Il Italia il Regime fascista lo contrasta, un po’ perché
di formazione anglosassone ed un po’ perché non
risponde alle manifestazioni di virilità caratteristiche
di quel tempo. Si svilupperà nelle parrocchie come
passatempo ricreativo insieme al pallone.
Nel dopoguerra grazie al CSI-Centro Sportivo
Italiano (Ente di promozione sportiva di ispirazione
cattolica) si organizza territorialmente con campionati cittadini, provinciali, regionali ed infine nazionali.

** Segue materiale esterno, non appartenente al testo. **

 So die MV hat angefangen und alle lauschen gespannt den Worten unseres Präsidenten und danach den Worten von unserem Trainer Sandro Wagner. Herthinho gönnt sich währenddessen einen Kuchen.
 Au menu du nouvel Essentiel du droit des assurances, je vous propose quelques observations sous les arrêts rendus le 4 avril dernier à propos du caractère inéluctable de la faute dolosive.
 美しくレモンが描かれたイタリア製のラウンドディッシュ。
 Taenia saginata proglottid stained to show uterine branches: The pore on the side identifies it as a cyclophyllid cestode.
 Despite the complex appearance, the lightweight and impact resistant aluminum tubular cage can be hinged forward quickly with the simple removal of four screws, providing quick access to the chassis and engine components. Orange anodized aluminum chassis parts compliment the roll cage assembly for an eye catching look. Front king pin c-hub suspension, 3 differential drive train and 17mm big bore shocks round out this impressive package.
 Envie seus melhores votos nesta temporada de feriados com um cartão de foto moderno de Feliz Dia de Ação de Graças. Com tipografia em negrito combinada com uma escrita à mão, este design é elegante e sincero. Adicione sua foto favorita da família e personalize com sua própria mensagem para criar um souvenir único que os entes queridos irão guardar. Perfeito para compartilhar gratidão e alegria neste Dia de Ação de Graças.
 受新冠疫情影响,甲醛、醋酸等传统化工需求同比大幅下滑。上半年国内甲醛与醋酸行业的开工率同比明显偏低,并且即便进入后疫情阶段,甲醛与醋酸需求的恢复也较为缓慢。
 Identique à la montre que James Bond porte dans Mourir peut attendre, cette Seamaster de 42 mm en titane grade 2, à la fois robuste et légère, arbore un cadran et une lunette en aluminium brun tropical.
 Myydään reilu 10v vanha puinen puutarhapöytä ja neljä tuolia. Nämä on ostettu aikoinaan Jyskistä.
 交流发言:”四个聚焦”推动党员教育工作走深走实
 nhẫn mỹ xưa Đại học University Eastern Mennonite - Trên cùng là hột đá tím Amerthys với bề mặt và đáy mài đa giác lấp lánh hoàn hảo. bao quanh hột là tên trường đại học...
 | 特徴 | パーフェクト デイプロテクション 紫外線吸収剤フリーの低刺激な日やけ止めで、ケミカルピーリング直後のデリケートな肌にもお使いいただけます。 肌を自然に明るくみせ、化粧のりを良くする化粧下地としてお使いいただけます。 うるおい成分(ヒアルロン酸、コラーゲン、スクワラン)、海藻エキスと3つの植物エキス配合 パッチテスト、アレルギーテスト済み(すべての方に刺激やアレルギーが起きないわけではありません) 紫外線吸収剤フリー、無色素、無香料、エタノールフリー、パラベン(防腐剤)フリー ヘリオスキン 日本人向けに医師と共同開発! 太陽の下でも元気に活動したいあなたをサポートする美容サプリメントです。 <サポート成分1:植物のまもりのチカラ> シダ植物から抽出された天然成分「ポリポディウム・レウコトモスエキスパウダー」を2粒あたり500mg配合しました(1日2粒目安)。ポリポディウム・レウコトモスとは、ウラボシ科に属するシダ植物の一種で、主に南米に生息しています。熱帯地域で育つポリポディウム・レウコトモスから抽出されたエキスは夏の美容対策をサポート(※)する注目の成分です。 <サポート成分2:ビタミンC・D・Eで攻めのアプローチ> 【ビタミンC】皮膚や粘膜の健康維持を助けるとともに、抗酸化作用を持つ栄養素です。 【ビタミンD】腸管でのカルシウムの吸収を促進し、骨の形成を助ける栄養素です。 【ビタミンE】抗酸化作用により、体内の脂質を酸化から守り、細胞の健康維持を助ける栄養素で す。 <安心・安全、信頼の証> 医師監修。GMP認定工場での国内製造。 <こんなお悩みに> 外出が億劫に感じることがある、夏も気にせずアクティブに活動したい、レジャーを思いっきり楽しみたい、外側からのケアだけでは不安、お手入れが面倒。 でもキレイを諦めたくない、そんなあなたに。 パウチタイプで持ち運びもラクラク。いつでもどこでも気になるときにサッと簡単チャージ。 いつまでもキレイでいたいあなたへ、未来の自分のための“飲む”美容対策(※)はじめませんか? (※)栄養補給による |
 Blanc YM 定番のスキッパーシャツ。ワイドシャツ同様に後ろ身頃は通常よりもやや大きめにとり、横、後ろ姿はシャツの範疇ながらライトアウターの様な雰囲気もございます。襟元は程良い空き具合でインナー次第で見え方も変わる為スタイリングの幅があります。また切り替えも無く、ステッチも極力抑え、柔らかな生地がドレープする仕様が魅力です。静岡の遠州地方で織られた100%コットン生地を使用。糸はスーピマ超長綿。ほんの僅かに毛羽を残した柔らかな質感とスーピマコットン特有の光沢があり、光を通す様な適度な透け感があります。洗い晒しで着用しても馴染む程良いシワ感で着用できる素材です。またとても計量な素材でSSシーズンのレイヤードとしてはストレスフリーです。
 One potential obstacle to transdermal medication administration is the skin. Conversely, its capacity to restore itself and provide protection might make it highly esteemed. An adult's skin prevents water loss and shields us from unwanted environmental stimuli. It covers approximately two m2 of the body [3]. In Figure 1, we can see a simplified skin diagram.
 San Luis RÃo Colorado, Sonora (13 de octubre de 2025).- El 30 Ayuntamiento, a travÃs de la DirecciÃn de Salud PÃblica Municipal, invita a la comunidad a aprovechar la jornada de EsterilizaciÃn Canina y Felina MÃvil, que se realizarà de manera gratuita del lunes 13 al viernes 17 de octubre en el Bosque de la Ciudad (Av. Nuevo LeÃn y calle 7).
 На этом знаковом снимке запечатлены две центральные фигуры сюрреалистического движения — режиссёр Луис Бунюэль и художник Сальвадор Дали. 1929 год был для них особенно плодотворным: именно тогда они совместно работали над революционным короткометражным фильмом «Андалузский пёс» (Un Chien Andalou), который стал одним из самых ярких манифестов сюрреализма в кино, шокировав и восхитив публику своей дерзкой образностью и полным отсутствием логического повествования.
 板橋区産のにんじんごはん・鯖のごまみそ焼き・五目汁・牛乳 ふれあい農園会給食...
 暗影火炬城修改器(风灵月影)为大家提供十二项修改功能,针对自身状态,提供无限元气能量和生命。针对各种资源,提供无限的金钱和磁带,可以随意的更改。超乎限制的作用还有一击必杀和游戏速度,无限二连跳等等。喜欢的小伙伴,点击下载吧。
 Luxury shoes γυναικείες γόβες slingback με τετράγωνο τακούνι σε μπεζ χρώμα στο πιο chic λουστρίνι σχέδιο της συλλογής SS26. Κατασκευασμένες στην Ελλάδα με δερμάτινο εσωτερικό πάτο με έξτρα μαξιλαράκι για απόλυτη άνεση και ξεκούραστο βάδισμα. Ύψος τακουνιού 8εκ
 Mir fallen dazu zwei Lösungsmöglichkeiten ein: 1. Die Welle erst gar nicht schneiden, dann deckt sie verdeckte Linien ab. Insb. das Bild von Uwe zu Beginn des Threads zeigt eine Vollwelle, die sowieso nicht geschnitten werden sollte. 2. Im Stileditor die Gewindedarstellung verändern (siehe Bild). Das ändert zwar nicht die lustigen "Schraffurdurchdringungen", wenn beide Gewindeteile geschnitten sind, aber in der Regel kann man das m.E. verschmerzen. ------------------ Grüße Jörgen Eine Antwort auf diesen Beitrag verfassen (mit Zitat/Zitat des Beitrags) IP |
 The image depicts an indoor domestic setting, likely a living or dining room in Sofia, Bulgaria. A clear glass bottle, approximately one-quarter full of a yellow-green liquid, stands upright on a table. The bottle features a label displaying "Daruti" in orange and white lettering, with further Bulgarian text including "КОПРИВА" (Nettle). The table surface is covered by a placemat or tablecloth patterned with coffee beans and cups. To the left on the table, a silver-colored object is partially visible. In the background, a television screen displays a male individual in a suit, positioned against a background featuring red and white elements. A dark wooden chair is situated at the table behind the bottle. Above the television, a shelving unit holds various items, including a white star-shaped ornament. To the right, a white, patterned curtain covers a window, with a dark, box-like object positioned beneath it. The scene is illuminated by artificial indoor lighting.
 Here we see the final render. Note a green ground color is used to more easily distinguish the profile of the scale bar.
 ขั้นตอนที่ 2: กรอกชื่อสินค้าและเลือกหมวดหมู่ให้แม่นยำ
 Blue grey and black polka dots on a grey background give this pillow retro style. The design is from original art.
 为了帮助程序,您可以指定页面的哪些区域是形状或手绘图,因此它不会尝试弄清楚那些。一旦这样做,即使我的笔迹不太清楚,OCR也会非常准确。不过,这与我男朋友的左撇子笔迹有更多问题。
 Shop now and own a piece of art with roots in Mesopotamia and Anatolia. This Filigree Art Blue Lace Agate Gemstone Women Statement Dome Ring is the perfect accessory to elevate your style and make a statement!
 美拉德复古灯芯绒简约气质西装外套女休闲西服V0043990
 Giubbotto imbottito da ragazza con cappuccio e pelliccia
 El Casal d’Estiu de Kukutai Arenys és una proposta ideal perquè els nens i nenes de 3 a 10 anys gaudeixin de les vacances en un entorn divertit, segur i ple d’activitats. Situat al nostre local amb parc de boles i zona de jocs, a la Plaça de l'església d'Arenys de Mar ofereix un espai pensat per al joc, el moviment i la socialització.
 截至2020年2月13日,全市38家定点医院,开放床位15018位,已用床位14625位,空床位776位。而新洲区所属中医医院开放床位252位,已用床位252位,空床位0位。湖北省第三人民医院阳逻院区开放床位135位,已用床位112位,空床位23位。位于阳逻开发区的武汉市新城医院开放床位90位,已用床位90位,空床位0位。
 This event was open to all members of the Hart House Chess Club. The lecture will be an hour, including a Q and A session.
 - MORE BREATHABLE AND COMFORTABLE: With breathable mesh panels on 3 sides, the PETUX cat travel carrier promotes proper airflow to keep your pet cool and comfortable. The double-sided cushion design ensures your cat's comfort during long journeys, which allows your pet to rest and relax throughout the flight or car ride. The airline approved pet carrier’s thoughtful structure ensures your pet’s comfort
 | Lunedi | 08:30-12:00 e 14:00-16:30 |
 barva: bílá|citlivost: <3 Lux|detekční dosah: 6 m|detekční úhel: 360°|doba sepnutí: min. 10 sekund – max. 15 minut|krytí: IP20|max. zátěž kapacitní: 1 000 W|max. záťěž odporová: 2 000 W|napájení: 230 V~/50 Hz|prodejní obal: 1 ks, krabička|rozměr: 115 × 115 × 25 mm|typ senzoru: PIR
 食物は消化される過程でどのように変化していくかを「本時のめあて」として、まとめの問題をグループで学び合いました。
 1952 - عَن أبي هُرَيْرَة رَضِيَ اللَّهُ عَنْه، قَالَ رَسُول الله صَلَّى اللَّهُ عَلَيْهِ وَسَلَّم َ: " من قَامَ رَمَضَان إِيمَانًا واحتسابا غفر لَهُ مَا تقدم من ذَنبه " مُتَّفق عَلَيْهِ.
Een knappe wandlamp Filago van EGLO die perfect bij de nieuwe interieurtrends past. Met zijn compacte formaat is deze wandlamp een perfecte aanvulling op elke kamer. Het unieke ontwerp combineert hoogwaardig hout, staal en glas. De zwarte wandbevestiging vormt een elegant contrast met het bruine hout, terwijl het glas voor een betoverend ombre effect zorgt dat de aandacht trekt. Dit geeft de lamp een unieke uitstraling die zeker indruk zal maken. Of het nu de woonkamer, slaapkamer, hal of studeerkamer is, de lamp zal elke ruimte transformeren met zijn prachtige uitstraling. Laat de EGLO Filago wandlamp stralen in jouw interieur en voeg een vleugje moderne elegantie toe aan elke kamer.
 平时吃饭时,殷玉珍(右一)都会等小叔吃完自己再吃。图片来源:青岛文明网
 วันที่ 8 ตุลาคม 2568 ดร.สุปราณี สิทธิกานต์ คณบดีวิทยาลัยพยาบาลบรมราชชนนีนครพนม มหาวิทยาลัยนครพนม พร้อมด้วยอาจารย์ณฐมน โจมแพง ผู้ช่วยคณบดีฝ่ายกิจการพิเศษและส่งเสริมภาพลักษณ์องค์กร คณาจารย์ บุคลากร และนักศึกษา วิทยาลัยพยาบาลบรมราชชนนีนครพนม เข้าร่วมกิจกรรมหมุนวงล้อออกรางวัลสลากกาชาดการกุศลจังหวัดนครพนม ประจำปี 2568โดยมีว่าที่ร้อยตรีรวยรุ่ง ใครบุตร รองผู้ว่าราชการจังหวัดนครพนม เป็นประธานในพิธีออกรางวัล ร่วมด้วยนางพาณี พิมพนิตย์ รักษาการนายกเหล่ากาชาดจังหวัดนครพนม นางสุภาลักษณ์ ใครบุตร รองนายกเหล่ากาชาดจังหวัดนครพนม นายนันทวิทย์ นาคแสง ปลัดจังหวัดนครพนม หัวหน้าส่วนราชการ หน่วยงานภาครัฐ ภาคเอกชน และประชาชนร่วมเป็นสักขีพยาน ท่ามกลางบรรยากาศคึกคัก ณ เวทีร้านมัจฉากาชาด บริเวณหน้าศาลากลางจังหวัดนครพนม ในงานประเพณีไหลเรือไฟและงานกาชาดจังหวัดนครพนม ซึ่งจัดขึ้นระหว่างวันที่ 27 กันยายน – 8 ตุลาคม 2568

Anche all’interno del CONI qualcosa si muove e
nascerà prima il GITeT (Gruppo italiano tennistavolo) e poi la FITeT, inizialmente aderente e dal 1979
federazione effettiva. L’attività “ufficiale” del tennistavolo è quella che orbita nell’ambito CONI a cui
spetta la rappresentanza internazionale.
Dal dopoguerra fino agli anni 80 le parrocchie sono
centri di aggregazione giovanile straordinari e molti
sport (calcio, basket, pallavolo, ecc..) attingono a
questo serbatoio naturale per le proprie società
sportive che rappresentano l’espressione agonistica e
la naturale evoluzione dell’attività ricreativa.
Ad iniziare dagli anni 70 le parrocchie subiscono un
declino e smettono di essere un centro aggregativo
per giovani. La promozione sportiva viene svolta
direttamente dalle federazioni del CONI ed alcune
puntano decisamente verso la scuola ricreando quel
bacino di adesioni che prima era nelle parrocchie.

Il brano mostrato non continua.